Short people got no reason
And little eyes
And they walk around
Tellin' great big lies
They got little noses
And tiny little teeth
They wear platform shoes
On their nasty little feet
Well I don't want no Short People
Don't want no Short People
Don't want no Short People
Round here
-- "Short People" by Randy Newman
Sooner or later, most things make their way to Australia, which tends to put it in some kind of time warp. To truly understand that concept, go there and spend some time. Then go to New Zealand.And so it is that the Lucky Country's Lucky Stock Market is now, only at long last, coming to grips and gripes with the demons that have terrorized the markets in New York, London, and (gasp) Shanghai.

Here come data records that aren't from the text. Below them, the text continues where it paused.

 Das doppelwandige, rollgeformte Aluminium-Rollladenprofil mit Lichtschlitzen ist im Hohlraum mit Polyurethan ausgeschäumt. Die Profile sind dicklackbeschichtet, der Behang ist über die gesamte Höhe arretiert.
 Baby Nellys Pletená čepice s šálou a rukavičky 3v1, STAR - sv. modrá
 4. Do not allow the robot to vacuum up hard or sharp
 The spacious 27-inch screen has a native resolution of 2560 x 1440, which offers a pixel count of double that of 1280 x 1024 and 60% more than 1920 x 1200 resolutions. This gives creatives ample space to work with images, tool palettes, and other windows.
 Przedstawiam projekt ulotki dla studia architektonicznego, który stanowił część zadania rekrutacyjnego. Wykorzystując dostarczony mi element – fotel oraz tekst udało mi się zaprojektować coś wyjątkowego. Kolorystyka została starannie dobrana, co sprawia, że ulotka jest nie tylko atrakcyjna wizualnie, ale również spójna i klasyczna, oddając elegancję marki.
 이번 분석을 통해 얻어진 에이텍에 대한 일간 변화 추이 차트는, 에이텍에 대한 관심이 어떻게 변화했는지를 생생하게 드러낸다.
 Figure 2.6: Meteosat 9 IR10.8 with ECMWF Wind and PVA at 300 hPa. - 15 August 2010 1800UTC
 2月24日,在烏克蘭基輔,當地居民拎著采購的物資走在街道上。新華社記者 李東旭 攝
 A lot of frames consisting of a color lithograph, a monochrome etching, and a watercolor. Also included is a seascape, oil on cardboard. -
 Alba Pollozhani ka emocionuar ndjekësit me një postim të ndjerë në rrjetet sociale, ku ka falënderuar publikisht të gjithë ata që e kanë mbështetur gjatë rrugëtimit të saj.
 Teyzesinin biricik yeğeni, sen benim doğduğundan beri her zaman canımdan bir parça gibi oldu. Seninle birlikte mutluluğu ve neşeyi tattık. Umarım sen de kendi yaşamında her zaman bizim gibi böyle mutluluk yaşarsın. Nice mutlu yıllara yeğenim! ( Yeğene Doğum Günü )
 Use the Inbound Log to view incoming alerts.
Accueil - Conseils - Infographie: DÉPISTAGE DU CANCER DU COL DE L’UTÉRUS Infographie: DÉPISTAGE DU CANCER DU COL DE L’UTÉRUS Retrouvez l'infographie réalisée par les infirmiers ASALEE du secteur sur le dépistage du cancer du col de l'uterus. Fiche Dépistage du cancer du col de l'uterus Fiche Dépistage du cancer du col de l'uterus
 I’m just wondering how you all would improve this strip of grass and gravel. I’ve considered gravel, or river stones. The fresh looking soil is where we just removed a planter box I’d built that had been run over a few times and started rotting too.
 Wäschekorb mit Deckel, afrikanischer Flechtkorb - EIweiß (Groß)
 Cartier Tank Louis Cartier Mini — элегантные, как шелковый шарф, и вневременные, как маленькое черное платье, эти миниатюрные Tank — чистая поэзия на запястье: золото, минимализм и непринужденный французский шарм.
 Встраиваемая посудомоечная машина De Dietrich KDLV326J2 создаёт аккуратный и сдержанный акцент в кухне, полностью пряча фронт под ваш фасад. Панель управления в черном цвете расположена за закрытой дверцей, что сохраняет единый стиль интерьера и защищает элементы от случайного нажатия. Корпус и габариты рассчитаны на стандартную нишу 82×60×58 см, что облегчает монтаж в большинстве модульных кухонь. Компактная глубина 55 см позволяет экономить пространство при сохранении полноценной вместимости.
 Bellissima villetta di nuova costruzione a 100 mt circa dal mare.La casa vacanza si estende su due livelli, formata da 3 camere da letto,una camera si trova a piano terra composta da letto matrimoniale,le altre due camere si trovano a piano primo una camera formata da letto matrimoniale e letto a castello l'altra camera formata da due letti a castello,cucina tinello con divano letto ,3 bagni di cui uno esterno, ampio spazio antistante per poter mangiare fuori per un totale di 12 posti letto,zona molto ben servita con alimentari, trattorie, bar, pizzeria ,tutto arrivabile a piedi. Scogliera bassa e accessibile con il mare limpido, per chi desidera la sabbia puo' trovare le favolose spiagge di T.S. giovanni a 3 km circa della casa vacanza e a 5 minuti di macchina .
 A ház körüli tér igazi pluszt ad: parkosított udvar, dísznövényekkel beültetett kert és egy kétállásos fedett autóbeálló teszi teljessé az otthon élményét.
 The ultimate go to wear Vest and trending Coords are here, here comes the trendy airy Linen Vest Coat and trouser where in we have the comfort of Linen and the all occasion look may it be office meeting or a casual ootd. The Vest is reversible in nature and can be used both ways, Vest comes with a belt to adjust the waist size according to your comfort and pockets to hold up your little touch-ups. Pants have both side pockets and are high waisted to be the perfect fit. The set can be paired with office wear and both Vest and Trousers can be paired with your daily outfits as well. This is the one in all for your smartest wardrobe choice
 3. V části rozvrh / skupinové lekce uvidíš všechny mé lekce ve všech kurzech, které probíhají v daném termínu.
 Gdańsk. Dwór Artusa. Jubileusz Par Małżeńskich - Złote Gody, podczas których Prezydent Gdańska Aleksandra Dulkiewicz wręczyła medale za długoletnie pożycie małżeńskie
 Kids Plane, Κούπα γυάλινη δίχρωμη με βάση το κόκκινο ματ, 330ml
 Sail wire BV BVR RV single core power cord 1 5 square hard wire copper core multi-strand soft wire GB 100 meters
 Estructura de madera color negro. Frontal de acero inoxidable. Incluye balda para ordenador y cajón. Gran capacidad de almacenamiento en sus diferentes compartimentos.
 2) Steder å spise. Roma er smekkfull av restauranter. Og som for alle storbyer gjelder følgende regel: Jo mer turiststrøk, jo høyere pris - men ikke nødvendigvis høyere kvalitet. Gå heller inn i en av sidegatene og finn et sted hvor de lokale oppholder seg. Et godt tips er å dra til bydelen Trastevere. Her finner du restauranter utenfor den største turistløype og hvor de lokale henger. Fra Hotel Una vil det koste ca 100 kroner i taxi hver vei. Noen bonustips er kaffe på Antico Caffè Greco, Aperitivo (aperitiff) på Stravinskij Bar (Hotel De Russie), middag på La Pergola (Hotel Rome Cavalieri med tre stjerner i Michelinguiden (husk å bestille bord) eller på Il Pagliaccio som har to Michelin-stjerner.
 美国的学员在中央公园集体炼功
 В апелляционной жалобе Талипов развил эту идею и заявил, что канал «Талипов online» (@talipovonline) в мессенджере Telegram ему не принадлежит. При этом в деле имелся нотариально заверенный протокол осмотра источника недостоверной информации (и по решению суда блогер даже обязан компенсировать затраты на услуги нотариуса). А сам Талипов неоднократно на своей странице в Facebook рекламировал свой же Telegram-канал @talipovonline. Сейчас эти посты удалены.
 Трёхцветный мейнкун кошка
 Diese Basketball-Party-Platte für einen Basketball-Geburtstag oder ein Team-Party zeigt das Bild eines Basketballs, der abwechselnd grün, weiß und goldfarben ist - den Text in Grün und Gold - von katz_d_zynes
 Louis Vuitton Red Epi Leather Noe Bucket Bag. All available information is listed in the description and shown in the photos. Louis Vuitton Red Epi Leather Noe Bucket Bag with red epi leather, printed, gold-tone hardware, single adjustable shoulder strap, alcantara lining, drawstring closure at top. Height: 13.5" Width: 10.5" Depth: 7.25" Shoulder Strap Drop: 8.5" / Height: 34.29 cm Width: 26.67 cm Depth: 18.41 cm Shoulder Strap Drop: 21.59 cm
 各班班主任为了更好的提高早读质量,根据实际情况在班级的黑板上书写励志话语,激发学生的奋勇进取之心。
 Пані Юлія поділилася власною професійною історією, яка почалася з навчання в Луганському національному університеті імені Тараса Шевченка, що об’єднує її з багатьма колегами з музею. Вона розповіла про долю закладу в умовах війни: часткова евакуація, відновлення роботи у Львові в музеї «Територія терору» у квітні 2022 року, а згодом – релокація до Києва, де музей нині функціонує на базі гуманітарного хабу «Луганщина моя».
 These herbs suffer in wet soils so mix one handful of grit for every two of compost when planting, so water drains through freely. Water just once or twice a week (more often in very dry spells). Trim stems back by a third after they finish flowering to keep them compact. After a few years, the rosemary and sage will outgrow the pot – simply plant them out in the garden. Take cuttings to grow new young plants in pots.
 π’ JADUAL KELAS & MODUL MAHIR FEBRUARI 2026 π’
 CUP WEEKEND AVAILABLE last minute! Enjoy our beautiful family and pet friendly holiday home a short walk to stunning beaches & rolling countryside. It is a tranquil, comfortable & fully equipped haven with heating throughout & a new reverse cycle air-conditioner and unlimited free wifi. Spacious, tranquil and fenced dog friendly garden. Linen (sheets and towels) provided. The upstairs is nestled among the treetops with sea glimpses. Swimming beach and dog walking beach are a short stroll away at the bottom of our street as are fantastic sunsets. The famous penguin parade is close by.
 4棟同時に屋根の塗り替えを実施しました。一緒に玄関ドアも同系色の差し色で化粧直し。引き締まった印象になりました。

Nearly everywhere, so it seems, except, perhaps, the Gulf States. (And as an aside, the property market will suffer the same fate, too.)
The latest bugabear (perhaps related to the Koala Bear, but not to Guambats) to come out of the woodwork is Babcock & Brown, known as B&B, "Australia's second-largest securities firm".
It so happens that Guambat's favourite after-dinner tipple is a B&B (Benedictine and Brandy), which has become so old fashioned as to be hardly had these days. So it was with shock/horror that Guambat read the headlines over the net Down Under:
"B&B in freefall" and "B&B hammered".Now, B&B (of the non-tipple variety) is small poTAYtoes/poTAHtoes by truly large market standards, but it is of no small import on the Australian finance scene, 'struth. So, this event has been a bit earth-moving for the Aussie market today.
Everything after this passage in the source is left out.